Shutterstock vectors (by Vector Department & Vjom): paying with a credit card, binary blue background.

(Vector Department & Vjom / Shutterstock)

Who needs a full acquisition process to buy chunks of code?

The General Services Administration's 18F is planning an acquisition experiment in which small chunks of code could be paid for with "micro-purchase" authority -- $3,500 or less on a government credit card, the outfit announced in a blog post.

Here's the plan: On Monday, Oct. 26, 18F will post a "micro-purchase" tag on a GitHub issue in the CALC repository, with a "starting bid" of $3,499 and acceptance criteria, not requirements, laid out. The work will go to the lowest bidder, who will have 10 working days to deliver. If the lowest bidder doesn't come through, the next lowest bidder will get a 10-working-day crack at it, explained 18F "Bureaucracy Hacker" Dave Zvenyach.
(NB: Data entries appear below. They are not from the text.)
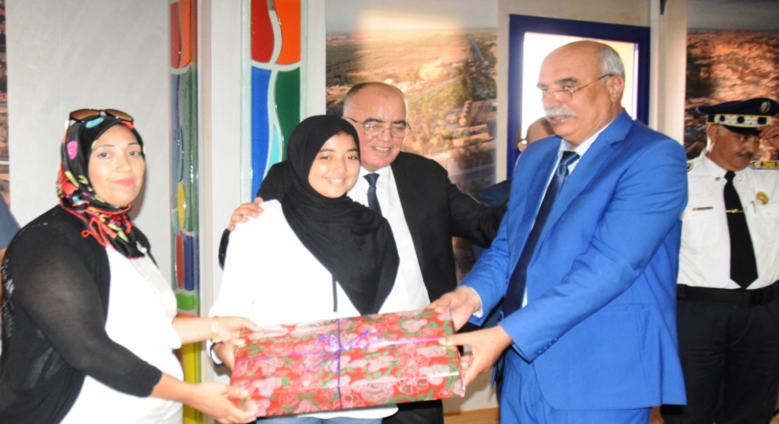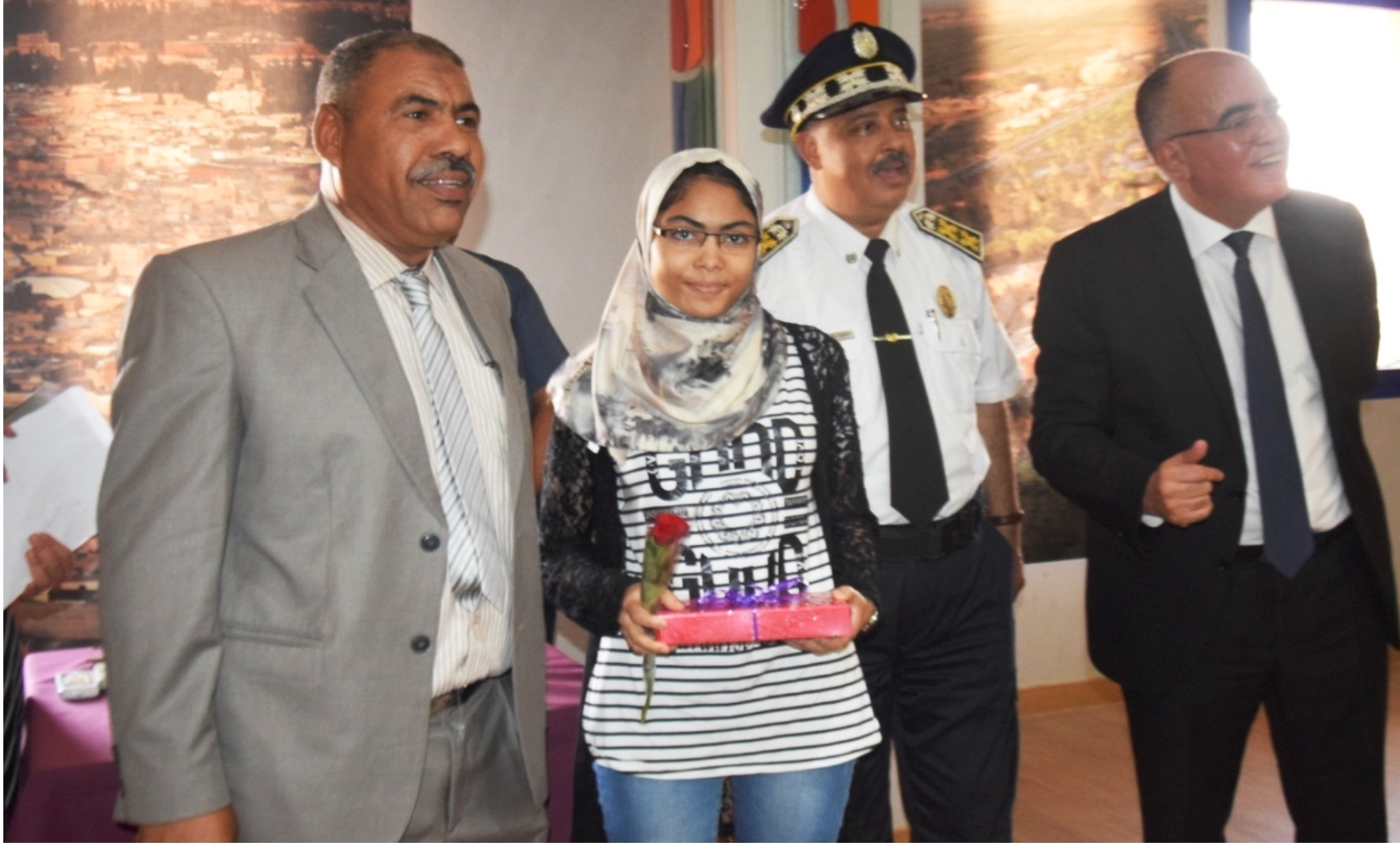 هــذا، وخلال حفل أقيم على شرف التلاميذ المتفوقين،وباقي الحضور من أبائهم وأمهاتهم وأوليائهم، ثمن والي أمن ولاية مراكش العلوة المبادرة الإنسانية والتربوية الحضارية الصادرة من المدير العام للأمن الوطني ومن مؤسسة محمد السادس للأعمال الاجتماعية لموظفي الأمن الوطني التي سهرت على تنزيلها، تكريما للتلاميذ المتفوقين وتشجيعا لأمثالهم من أبناء وأيتام موظفي الشرطة وحثهم على الجد التربوي والتحصيل الدراسي والحرص على التميز، كما شكر أمهات وآباء التلاميذ على تضحياتهم الجسام وحسن تربيتهم وعلى ما وفروه من أسباب النجاح لفلذات أكبادهم.
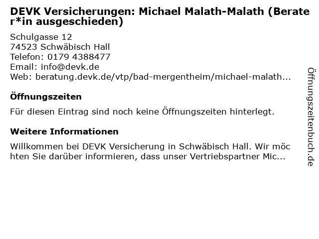 | DEVK Versicherungen: Michael Malath-Malath (Berater*in ausgeschieden) anrufen | |
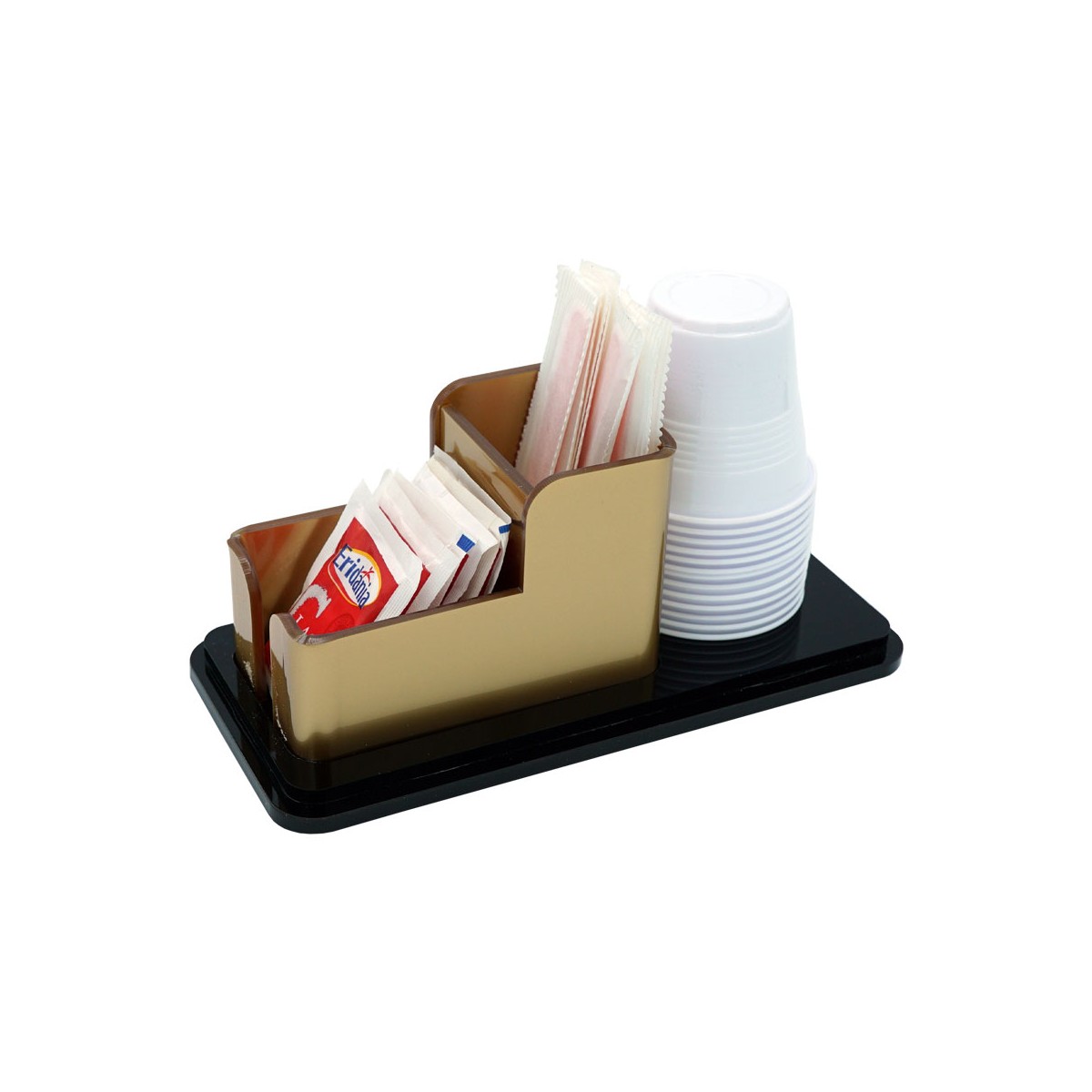 Contenedor de plexiglás negro y dorado para sobres de azúcar, removedores y vasos para mostrador o mesa con tres compartimentos.
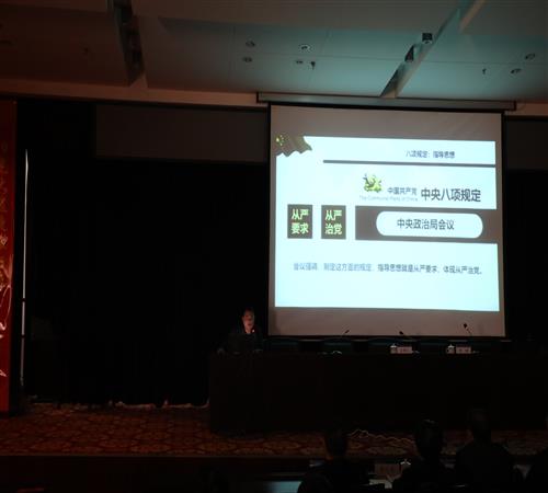 會上,劉潤詳細講解了八項規定政策精神,分析了近年來違反八項規定的典型案例,并以自身多年的工作經驗,對落實落細八項規定政策精神進行了深入的講解和剖析。
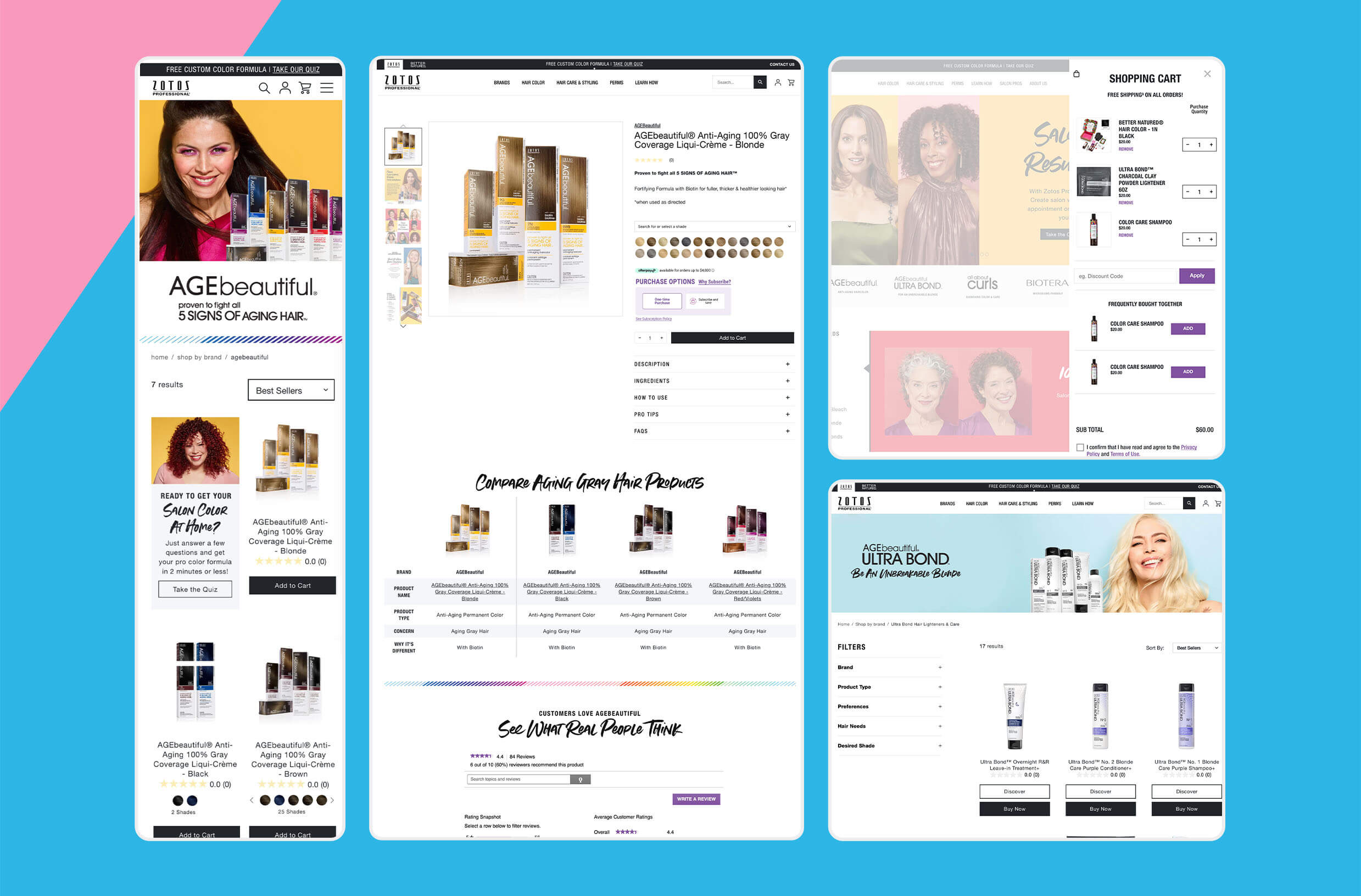 The goal was to transition Zotos Professional’s static WordPress site to Shopify while creating a dynamic eCommerce experience for their product lines like AGEbeautiful, All About Curls, and Biotera.
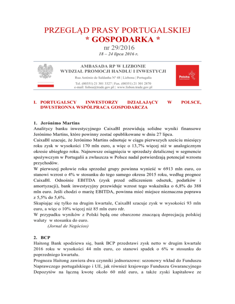 PRZEGLĄD PRASY PORTUGALSKIEJ * GOSPODARKA * nr 29/2016 18 – 24 lipca 2016 r. AMBASADA RP W LIZBONIE WYDZIAŁ PROMOCJI HANDLU I INWESTYCJI Rua António de Saldanha Nº 48 | Lizbona | Portugalia Tel. (00351) 21 301 3327 | Fax. (00351) 21 301 2870 e-mail: [email protected] | www.lisbon.trade.gov.pl I. PORTUGALSCY INWESTORZY DZIAŁAJĄCY DWUSTRONNA WSPÓŁPRACA GOSPODARCZA W POLSCE, 1. Jerónimo Martins Analitycy banku inwestycyjnego CaixaBI przewidują solidne wyniki finansowe Jerónimo Martins, które powinny zostać opublikowane w dniu 27 lipca. CaixaBI szacuje, że Jerónimo Martins odnotuje w ciągu pierwszych sześciu miesięcy roku zysk w wysokości 170 mln euro, a więc o 13,7% więcej niż w analogicznym okresie ubiegłego roku. Najnowsze osiągnięcia w sprzedaży detalicznej w segmencie spożywczym w Portugalii a zwłaszcza w Polsce nadal potwierdzają potencjał wzrostu przychodów. W pierwszej połowie roku sprzedaż grupy powinna wynieść w 6913 mln euro, co stanowi wzrost o 4% w stosunku do tego samego okresu 2015 roku, według prognoz CaixaBI. Odnośnie EBITDA (zysk przed odliczeniem odsetek, podatków i amortyzacji), bank inwestycyjny przewiduje wzrost tego wskaźnika o 6,8% do 388 mln euro. Jeśli chodzi o marżę EBITDA, powinna mieć miejsce nieznaczna poprawa z 5,5% do 5,6%. Skupiając się tylko na drugim kwartale, CaixaBI szacuje zysk w wysokości 93 mln euro, a więc o 10% więcej niż 85 mln euro rdr. W przypadku wyników z Polski będą one obarczone znaczącą deprecjacją polskiej waluty w stosunku do euro. (Jornal de Negócios) 2. BCP Haitong Bank spodziewa się, bank BCP przedstawi zysk netto w drugim kwartale 2016 roku w wysokości 44 mln euro, co stanowi spadek o 6% w stosunku do poprzedniego kwartału. Prognoza Haitong zawiera dwa czynniki jednorazowe: sezonowy wkład do Funduszu Naprawczego portugalskiego i UE, jak również krajowego Funduszu Gwarancyjnego Depozytów na łączną kwotę około 60 mld euro, a także zyski kapitałowe ze PRZEGLĄD PRASY PORTUGALSKIEJ “GOSPODARKA” - nr 29/2016 sprzedaży udziałów posiadanych przez polską spółkę zależną w Visa Europe w wysokości ok. 58 mln euro. Na rynku portugalskim Haitong oczekuje strat netto w wysokości 12 mln euro w drugim kwartale 2016 roku, spowodowanych wkładem do Funduszu Gwarancji Depozytów oraz Funduszu Naprawczego. Wyłączając ten sezonowy wpływ, Haitong Bank przewiduje wzrost o 28% w zakresie wyników przed dokonaniem odpisów na rezerwy, wspierany przez rosnące przychody odsetkowe netto (osiągnięty poprzez obniżenie kosztów finansowania za pomocą depozytów) oraz poprawę wyników handlowych z poprzedniego kwartału. Do tych dwóch komponentów dochodzi niewielki spadek w wysokości 3% w zakresie rezerw, co wyjaśnia poprawę powtarzalnych wyników krajowych, z 2 mln euro w I kwartale, do 33 mln euro w II kwartale. Na arenie międzynarodowej oczekiwana jest poprawa dochodu netto w stosunku do poprzedniego kwartału o 24%, tj. z 45 mln euro do 55 mln euro. Jednak, jak już wspomniano, zawdzięczana jest ona jednorazowym zyskom kapitałowym ze sprzedaży Visa Europa w Polsce. Wykluczając tę pozycję przewiduje się spadek o 10% podstawowego zysku netto głównie w wyniku znacznego osłabienia złotego (Polska) i meticalu (Mozambik). Oczekuje się także pewnego wzrostu rezerw w Polsce w porównaniu do poprzedniego kwartału i utrzymania kosztów ryzyka na poziomie 55 punktów bazowych w II kwartale, co jest zgodne ze średnią z 2015 roku oraz reprezentuje wzrost w porównaniu do 37 punktów bazowych odnotowanych w ostatnim kwartale przez polską spółkę zależną. BCP zwrócił się już do EBC o pozwolenie na spłatę pierwszej części 200-250 mln euro ostatniej transzy pożyczki (750 mln euro), jaką musi oddać w instrumentach CoCos na rzecz portugalskiego państwa. Instrument ten musi być przekształcony w kapitał do końca miesiąca czerwca 2017 roku, z rabatem 35% w stosunku do cen rynkowych. Wskaźnik kapitału CET1 BCP w wersji fully loaded spada z 10,1% w marcu 2016 r. do 9,5% pro-forma ze względu na spłatę 250 mln euro. Każda informacja na temat negocjacji spłaty z regulatorami może mieć ważne następstwa dla ceny akcji BCP. Zielone światło dla pierwszej spłaty transzy może wskazywać, że EBC akceptuje pozycję kapitałową i ryzyko BCP. Jednakże, jeśli nie zostanie ona ostatecznie zatwierdzona, lub jeśli zostanie odroczona, może mieć negatywne skutki dla BCP. Bank BCP przedstawi wyniki półroczne w dniu 27 lipca 2016 roku. (Diário Económico) 3. Efacec Firma Efacec wygrała znaczący kontrakt z Porsche na dostawę szybkich ładowarek dla pojazdów elektrycznych tej marki. Będą to pierwsze ładowarki na świecie o mocy 320 KW. 2| PRZEGLĄD PRASY PORTUGALSKIEJ “GOSPODARKA” - nr 29/2016 Efacec, światowy lider w dziedzinie infrastruktury szybkiego ładowania dla pojazdów elektrycznych, dostarczy „pod klucz” tego typu urządzenia w różnych miejscach w Europie. Ładowarki „made in” Efacec są przeznaczone do wewnętrznego użytku Porsche do pojazdów o napędzie elektrycznym o wysokim napięciu i mocy 320 kW na wyjściu. Obecnie pojazdy elektryczne wykorzystują 50 kW do szybkiego ładowania, więc urządzenia te są pierwszymi na świecie zapewniającymi taką moc. Urządzenia Efacec są wykorzystywane w wielu krajach, zwłaszcza w Europie i Stanach Zjednoczonych, a także w kilku innych regionach, jak na Bliskim Wschodzie, w Ameryce Łacińskiej, Azji i Afryki. Oferta Efacec jest bardzo kompletna, jako że oprócz szybkiego ładowania, dostarcza rozwiązania dla ładowania prywatnego i publicznego, a także dla transportu publicznego. Prezes Efacec podkreśla, że firma w dziedzinie mobilności elektrycznej współpracuje z wszystkimi markami grupy Volkswagen, a wszyscy główni producenci pracujący nad produktami w tym segmencie, czy to w 100% elektrycznymi, czy też hybrydowymi 'plug-in', utrzymują bardzo bliskie r
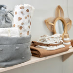 Keep your baby's essentials organized in style with these beautifully finished knitted baskets, available in two sizes. The washable PU inside layer ensures no leaks are a problem. Combine with other items in the collection to create a dream room for your baby and enjoy a clutter-free space. Made with 100% cotton exterior, choose from small (21x16xh16 cm) or medium (26x19xh16 cm) sizes.
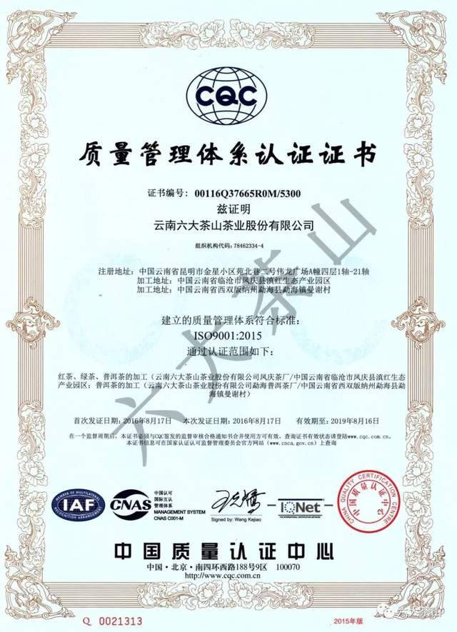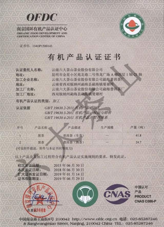 歷年來,六大茶山公司獲得國家有機食品認證,通過SC認證、食品出口衛(wèi)生注冊登記,云南省10大名品、云南省老字號、有機產(chǎn)品認證企業(yè)、出口食品生產(chǎn)企業(yè)、中國茶葉行業(yè)百強企業(yè)、云南首批年份普洱茶質(zhì)量保薦溯源企業(yè)、云南首款曬青茶質(zhì)量保薦溯源企業(yè)、HACCP體系認證企業(yè),通過ISO9001質(zhì)量管理體系認證,ISO22000食品安全管理體系認證。
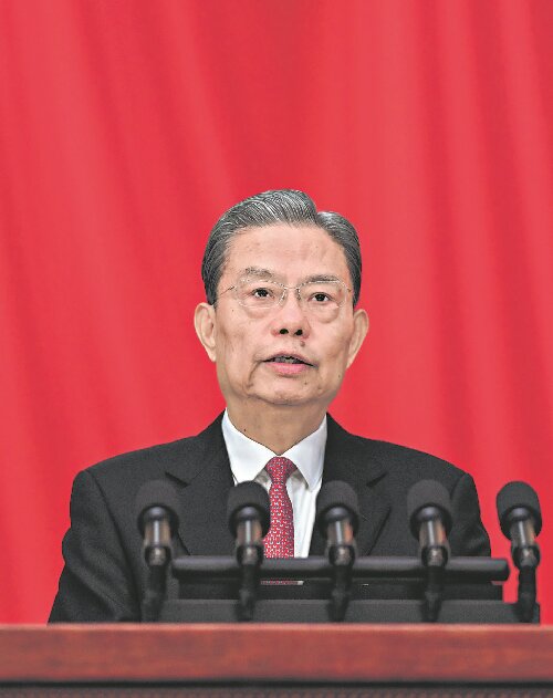 受全国人大常委会委托,赵乐际委员长向大会报告全国人大常委会工作。赵乐际在报告中指出,2025年是很不平凡的一年。一年来,在以习近平同志为核心的党中央坚强领导下,全国人大常委会坚持以习近平新时代中国特色社会主义思想为指导,全面贯彻落实党的二十大和二十届历次全会精神,学习贯彻习近平法治思想、习近平总书记关于坚持和完善人民代表大会制度的重要思想,聚焦建设更加完善的中国特色社会主义法治体系、建设更高水平的社会主义法治国家,紧紧围绕中国式现代化建设依法履职、担当尽责,各方面工作取得新的进展和成效。一是加强宪法实施和监督,维护国家法治统一。常委会两次审议民族团结进步促进法草案并提请本次大会审议,为铸牢中华民族共同体意识夯实法治根基。设立台湾光复纪念日,强化两岸同胞共同民族历史记忆。提高合宪性审查、备案审查工作质量,弘扬宪法精神、社会主义法治精神。二是加强立法工作,以高质量立法服务和保障改革发展。统筹立改废释纂,一年来共审议法律、法律解释、决定草案40件,通过其中24件,包括制定法律6件,修改法律14件等。三是履行监督职责,充分发挥人大监督在党和国家监督体系中的重要作用。共听取审议22个监督工作的报告,检查5件法律实施情况,组织开展2次专题询问、11项专题调研,作出1项决议。四是深化和拓展代表工作,更好发挥人大代表作用。全面贯彻实施新修改的代表法,持续加强代表工作能力建设,紧紧依靠代表做好各项工作,支持和保障代表依法履职。五是发挥人大对外交往特点优势,主动服务国家外交大局。六是全面加强自身建设,不断提高依法履职能力和水平。

The initial run will be limited to companies registered with the federal System of Award Management.

Micro-purchasing might have more of a reputation as an abused tool than as an agile innovation launch pad, and 18F (which is also developing the Communicart tracking tool to help feds manage credit card micro-purchases) acknowledges the risks in the new undertaking.

"It's true; this might be a terrible idea," Zvenyach wrote. "But at 18F, we're committed to experimentation, and we want to see what happens."

The "digital incubator" is willing to give it a shot.

"Our hypothesis is that vendors can ship great code under the micro-purchase threshold, and we see opportunity to use procurement authority in new and productive ways," Zvenyach wrote. "If it works, that would be fantastic. If it doesn't, it'll be an inexpensive experiment and we will have learned some new things."